_Task directions_.
In your copy, leave out the pictures and output only the lines from the one holding "In Bern kommt" through the end of the data below, exactly.

_Dataset extract_.
————

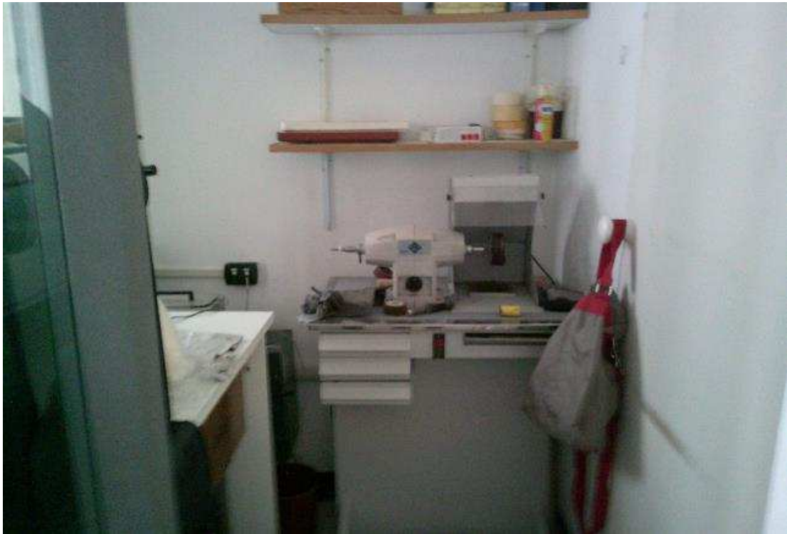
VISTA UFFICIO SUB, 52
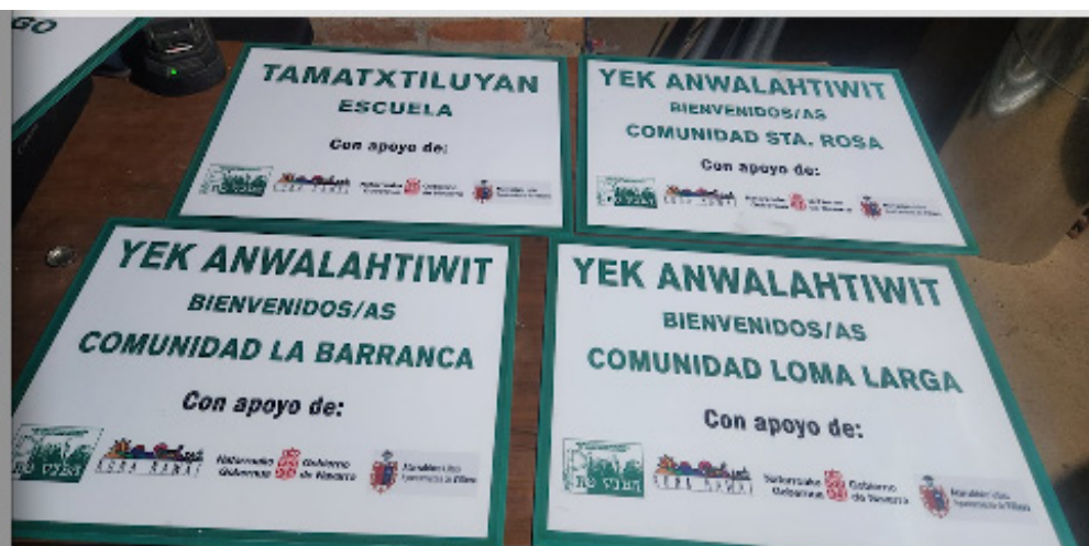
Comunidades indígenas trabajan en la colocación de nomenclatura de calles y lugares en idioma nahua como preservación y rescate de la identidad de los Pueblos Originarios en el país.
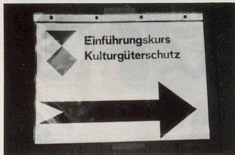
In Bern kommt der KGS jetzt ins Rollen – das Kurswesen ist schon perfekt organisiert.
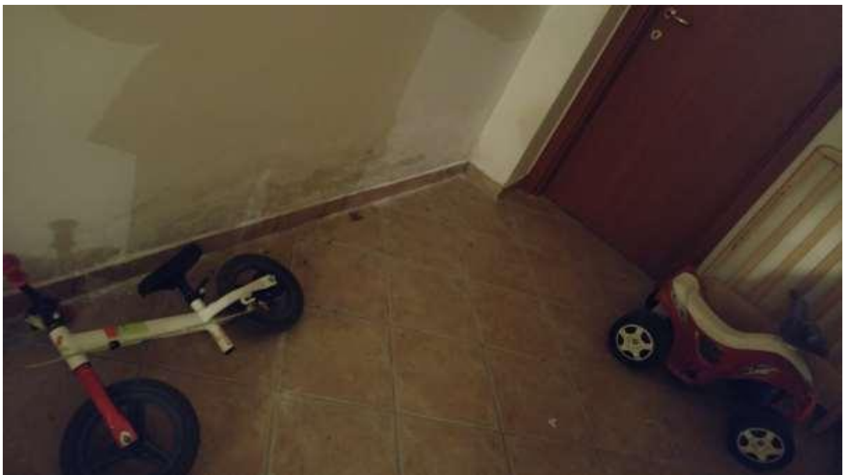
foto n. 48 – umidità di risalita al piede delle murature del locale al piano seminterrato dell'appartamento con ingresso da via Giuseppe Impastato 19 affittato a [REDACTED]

————

_Answer_.
In Bern kommt der KGS jetzt ins Rollen – das Kurswesen ist schon perfekt organisiert.
foto n. 48 – umidità di risalita al piede delle murature del locale al piano seminterrato dell'appartamento con ingresso da via Giuseppe Impastato 19 affittato a [REDACTED]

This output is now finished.